Nakamura Kazuhiko, Honda Kuniomi, Mizutani Takahiro, Akiho Hirotada, Harada Naohiko
Fukuoka-Higashi Medical Center, 1-1-1, Chidori, Koga-city, Fukuoka 811-3195, Japan.
World J Gastroenterol. 2006 Aug 7;12(29):4628-35. doi: 10.3748/wjg.v12.i29.4628.
The etiology of inflammatory bowel disease (IBD) has not yet been clarified and immunosuppressive agents which non-specifically reduce inflammation and immunity have been used in the conventional therapies for IBD. Evidence indicates that a dysregulation of mucosal immunity in the gut of IBD causes an overproduction of inflammatory cytokines and trafficking of effector leukocytes into the bowel, thus leading to an uncontrolled intestinal inflammation. Such recent advances in the understanding of the pathogenesis of IBD created a recent trend of novel biological therapies which specifically inhibit the molecules involved in the inflammatory cascade. Major targets for such treatment are inflammatory cytokines and their receptors, and adhesion molecules. A chimeric anti-TNF-alpha monoclonal antibody, infliximab, has become a standard therapy for CD and it is also likely to be beneficial for UC. Several anti-TNF reagents have been developed but most of them seem to not be as efficacious as infliximab. A humanized anti-TNF monoclonal antibody, adalimumab may be useful for the treatment of patients who lost responsiveness or developed intolerance to infliximab. Antibodies against IL-12 p40 and IL-6 receptor could be alternative new anti-cytokine therapies for IBD. Anti-interferon-gamma and anti-CD25 therapies were developed, but the benefit of these agents has not yet been established. The selective blocking of migration of leukocytes into intestine seems to be a nice approach. Antibodies against alpha4 integrin and alpha4beta7 integrin showed benefit for IBD. Antisense oligonucleotide of intercellular adhesion molecule 1 (ICAM-1) may be efficacious for IBD. Clinical trials of such compounds have been either recently reported or are currently underway. In this article, we review the efficacy and safety of such novel biological therapies for IBD.

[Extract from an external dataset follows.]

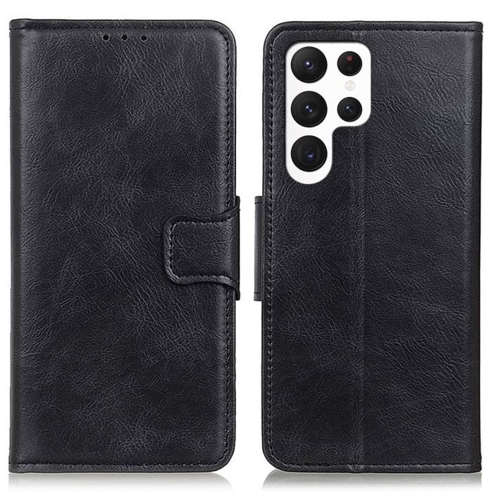 Samsung Galaxy S23 Ultra Fodral Crazy Horse Split Läder Svart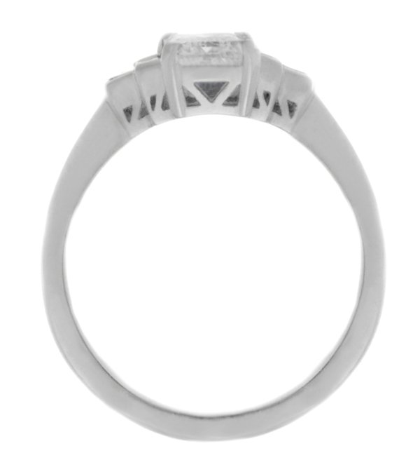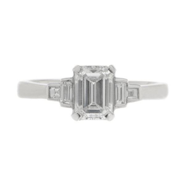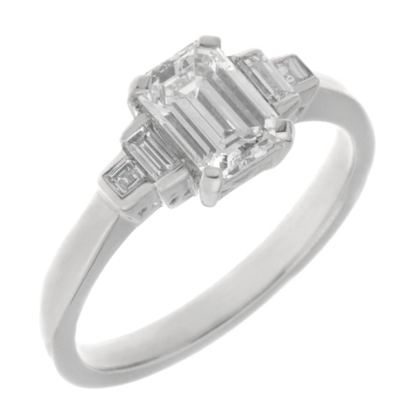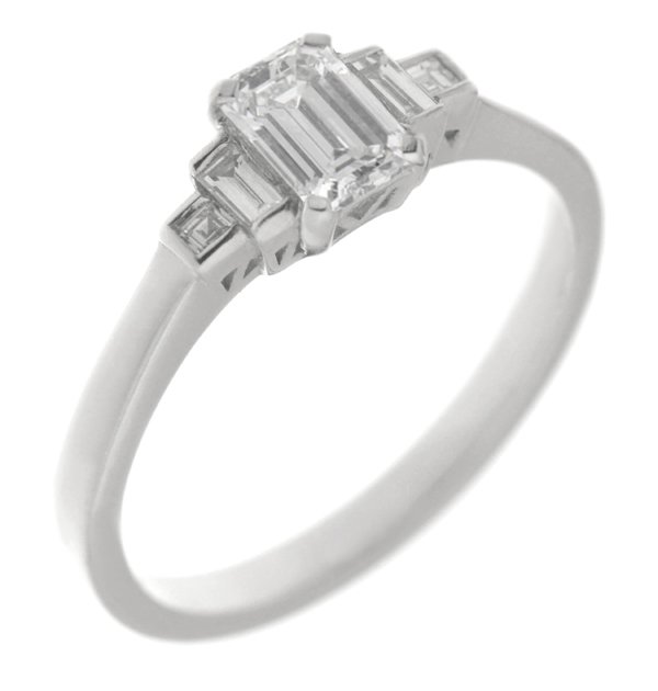 A classic art deco style with an emerald cut diamond centre stone with two stepped, graduated baguette cut diamonds set in to the shoulders and a detailed side setting.

炎症性肠病(IBD)的病因尚未明确,在IBD的传统治疗中使用了非特异性减轻炎症和免疫的免疫抑制剂。有证据表明,IBD患者肠道黏膜免疫失调会导致炎症细胞因子过度产生以及效应白细胞向肠道内迁移,从而引发失控的肠道炎症。对IBD发病机制的这些最新认识推动了新型生物疗法的发展趋势,这些疗法特异性抑制参与炎症级联反应的分子。此类治疗的主要靶点是炎症细胞因子及其受体以及黏附分子。一种嵌合抗TNF-α单克隆抗体英夫利昔单抗已成为克罗恩病(CD)的标准治疗药物,对溃疡性结肠炎(UC)可能也有益处。已经研发了几种抗TNF药物,但其中大多数似乎不如英夫利昔单抗有效。一种人源化抗TNF单克隆抗体阿达木单抗可能对那些对英夫利昔单抗失去反应或产生不耐受的患者的治疗有用。抗IL-12 p40和抗IL-6受体抗体可能是IBD的替代性新型抗细胞因子疗法。抗干扰素-γ和抗CD25疗法已被研发出来,但这些药物的益处尚未得到证实。选择性阻断白细胞向肠道内迁移似乎是一种不错的方法。抗α4整合素和抗α4β7整合素抗体对IBD显示出疗效。细胞间黏附分子1(ICAM-1)的反义寡核苷酸可能对IBD有效。此类化合物的临床试验最近已有报道或正在进行中。在本文中,我们综述了此类IBD新型生物疗法的疗效和安全性。